Students awarded in the E(x)plory competition
Polish teenagers have invented a way to transport a drug against cancer through the body, as well as the best possible means of data protection.
The E(x)plory International Science Fair is an unprecedented event in Poland. What distinguishes it from among other science festivals is the E(x)plory Science Competition addressed to young scientists. And by young we do not mean university graduates or doctoral students but junior and senior high school pupils and first years’ university students. This year's edition of the competition was attended by 45 young Polish scientists, who presented 30 projects, and 20 guests from abroad with seven projects.
‘We always knew that Poland had a lot of young talent,’ Joanna Gogolińska, the Director of the High Tech Foundation and the organiser of the Festival, told Polska.pl. She pointed out that E(x)plory winners receive awards and distinctions in the most prestigious youth competitions all over the world. ‘We are pleased to notice that an increasing number of young people develop their scientific passions: this year over 250 projects carried out by people aged 14–20 were submitted to the E(x)plory Science Competition. That's twice as many as last year,’ she added.
The finals of the competition showed that young scientists from Poland make world top standard discoveries. The winner was Joanna Jurek, a 17-year old from Piotrków Trybunalski, who developed a way to deliver drugs to tumour cells. Her method makes it possible to avoid many problems related to tumour treatment, even in the case of tumours that are not susceptible to treatment.

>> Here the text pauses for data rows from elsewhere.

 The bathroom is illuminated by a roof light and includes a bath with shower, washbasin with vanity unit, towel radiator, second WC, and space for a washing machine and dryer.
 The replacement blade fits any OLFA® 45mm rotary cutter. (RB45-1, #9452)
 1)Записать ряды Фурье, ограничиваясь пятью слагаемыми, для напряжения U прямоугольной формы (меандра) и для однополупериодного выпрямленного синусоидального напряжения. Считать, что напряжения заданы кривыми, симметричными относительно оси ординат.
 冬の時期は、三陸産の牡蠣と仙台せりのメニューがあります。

‘I use nanofibres, in which I ‘encapsulate’ gold nanomolecules combined with the drug,’ Joanna Jurek, a student of Bolesław Chrobry 1st Grammar School in Piotrków Trybunalski, told Polska.pl. ‘This method of drug transportation ensures its delivery to a specific place, where the cells of pancreatic cancer or glioma, malignant brain tumour, multiply.

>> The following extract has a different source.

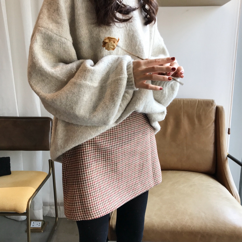 氣質chic千鳥格半身裙女秋冬裝2018新款韓版高腰顯瘦A字裙短裙子

Joanna was followed by Jerzy Szuniewicz, a 17-year-old from the Adam Mickiewicz 8th Grammar School in Poznań. He invented an affordable way to ‘capture single photons in an optical fibre. His invention may be very helpful in quantum cryptography, which is the most technologically advanced way to protect information.
‘Owing to my photon ‘trap’ each bank customer will be able to feel safer because his or her data will be secured in the best possible way, and the cost of such protection will not be as high as before,’ says Jerzy Szuniewicz.
The third award was presented to a team composed of Dalia Gala (St Jadwiga of Poland Grammar School in Kielce), Kinga Szczepaniak (2nd Grammar School in Elbląg) and Michał Gniewkiewicz (Medical University of Warsaw). Those three scientists have discovered a DNA mutation which causes a genetic disease yet unknown to the world of science.
Distinctions were also awarded in the competition, granting the honoured participants places in foreign science competitions. Joanna Jurek, Jerzy Szuniewicz and Marcin Witkowski from Radom are going to represent Poland at Intel ISEF (the International Science and Engineering Fair), world's largest science competition for high school pupils. Its participants can win valuable science scholarships at the best universities in the USA, as well as access to numerous prestigious research programmes all over the world. In 2013, three Poles were presented with prizes and distinctions at this event.
The finalists of the E(x)plory competition also included seven students who will represent Poland during the InfoMatrix IT competition in Romania, the INESPO Olympiad in the Netherlands and the MILSET Expo-Sciences Europe science event in Slovakia.